Быть может, он слишком долго прозябал в одиночестве, и услышанный перед смертью зов сородича помог ему наконец спокойно проститься с жизнью. Сяомань неподвижно сидел рядом с трупом, по щекам мальчика текли прозрачные слезы – их было не так много, но они все никак не утихали. Он и сам толком не знал, почему плачет, только его вдруг накрыло какое-то чувство, нечто намного большее, чем печаль. Попугай, примостившись на его вздрагивающем плече, чистил острым клювом перышки.

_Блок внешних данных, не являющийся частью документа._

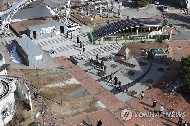 (동두천=연합뉴스) 임병식 기자 = 2일 경기도 동두천시 중앙도심공원 임시선별진료소에서 시민들이 신종 코로나바이러스 감염증(코로나19) 검사를 받기 위해 줄지어 기다리고 있다. 2021.3.2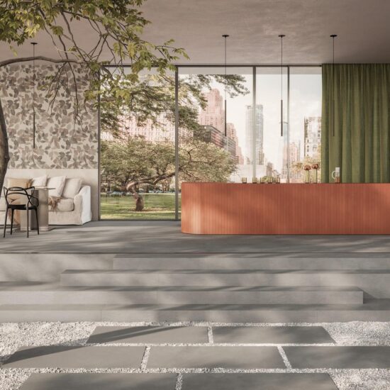 Moreover, the innovative technologies recently developed by the company enhance Stratford’s performance and tactile appeal. The series is produced with the unique StepWise technology, which guarantees high slip resistance, while maintaining a soft-touch surface that has no surface roughness and is therefore easy to clean. Thanks to BodyPlus technology, the sophisticated colours in the collection run through the entire thickness of the surface, increasing the technical performance of the porcelain stoneware. Finally, the 3D structures have been created using Sublime Sync technology, thanks to which the design perfectly integrates with the material texture, achieving an unprecedented depth and precision on both natural and structured surfaces.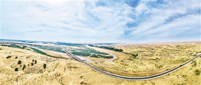如今,在杭锦旗,一条条穿沙公路成为生态治理、兴业富民的“绿色大动脉”。全旗已构建起“两横四纵”、总长近930公里的穿沙公路网,一些道路更是成为内蒙古连接陕西省等省份的重要公路干线。其中,省道215线独贵塔拉至锡尼段公路有效促进了呼包银经济圈及内蒙古沿黄河、沿交通干线经济发展。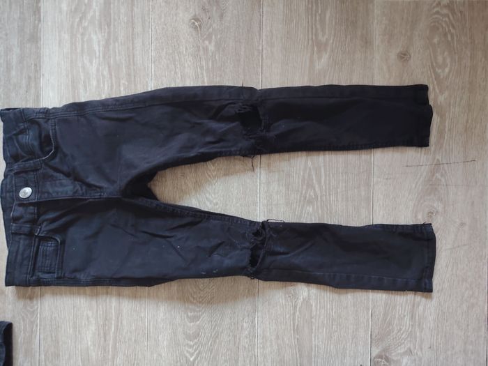 Ce lot se compose de 4jeans slim, trouée aux genoux Les jeans se sert à la taille Taille 4/5 ans 110cm #jean #jeantroués #jeanslim #jeankiabi #kiabi #jeankiabinoir #jeankiabibleu #melodyleewayne

У вольера Сяомань пробыл недолго; вскоре он вернулся к слоновьему домику. Старина Би с преподобным по-прежнему увлеченно обсуждали поездку, не подозревая о том, что произошло.

Старина Би с Сяоманем еще не единожды наведывались в «Сад», и каждый раз Сяомань потихоньку убегал за попугаем к какой-нибудь клетке. Он подбирался поближе, садился на корточки, гладил звериный лоб, слушал последний зов обреченного животного и успокаивал его ответным зовом. Изможденные медведи, лебеди, олени и павианы один за другим тихо испускали дух рядом с Сяоманем, хлопочущим, точно пастор, который спешит помолиться за душу умирающего.

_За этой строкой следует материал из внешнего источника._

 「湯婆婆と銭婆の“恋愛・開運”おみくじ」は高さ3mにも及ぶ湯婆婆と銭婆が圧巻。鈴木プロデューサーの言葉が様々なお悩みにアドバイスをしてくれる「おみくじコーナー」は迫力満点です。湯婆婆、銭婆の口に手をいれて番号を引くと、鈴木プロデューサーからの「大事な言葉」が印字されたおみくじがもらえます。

В начале лета, когда на раскидистом дереве у входа в хутун Юфан застрекотали первые цикады, дела преподобного Кэрроуэя наконец сдвинулись с мертвой точки.

Пусть из старины Би и не вышло набожного христианина, сердце у него было доброе. Он знал Пекин как свои пять пальцев, хорошо разбирался в обычаях северян и потому легко подмечал все слабые места плана преподобного. И вот теперь благодаря ему этот грандиозный план был окончательно готов.

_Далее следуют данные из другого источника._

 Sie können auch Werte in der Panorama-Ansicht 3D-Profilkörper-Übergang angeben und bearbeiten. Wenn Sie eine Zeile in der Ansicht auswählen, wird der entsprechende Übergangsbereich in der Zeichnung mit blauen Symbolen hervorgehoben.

Старина Би нанял четыре повозки. Одна, крытая, с дышлом, предназначалась для преподобного Кэрроуэя и ручной клади. Три другие представляли собой широкие, крепкие телеги о двух оглоблях, с колесами из вяза, обитыми для прочности железом: одна – для клетки со Стражником, вторая – для павианов и питона, третья – для ящиков с лекарствами, книгами, одеждой, продуктами и кое-какими инструментами.

Тигровым лошадям повозки были ни к чему. Старина Би надумал привязать эту парочку к телегам веревкой, чтобы лошади трусили следом. Это изрядно облегчало кучерам задачу.

Главный вопрос – как быть со Счастливицей – преподобный Кэрроуэй решил так: он объявил, что слониха сама пойдет за обозом.

Она была слишком велика, во всем Пекине не нашлось ни одной конной телеги, которая смогла бы выдержать ее вес. Старина Би даже в иностранных фирмах справлялся, но так и не нашел ничего подходящего. Счастливице не оставалось ничего иного, кроме как пройти путь пешком.

Преподобный Кэрроуэй поручил смотрителю зоопарка отправить в Германию телеграмму, спросить торговца, который продал «Саду» зверей, могут ли слоны преодолевать большие расстояния. Ответ не заставил долго себя ждать: из-за веса и строения туловища, сообщал торговец, слоны не умеют ни прыгать, ни бегать – только быстро шагать. Зато ходоки из них отличные: сразу три слоновьи ступни при ходьбе находятся на земле, что позволяет животному беречь силы для долгой дороги. Дикие слоны способны разогнаться до восемнадцати километров в час, а их стада даже на длительных переходах развивают скорость до семи километров в час.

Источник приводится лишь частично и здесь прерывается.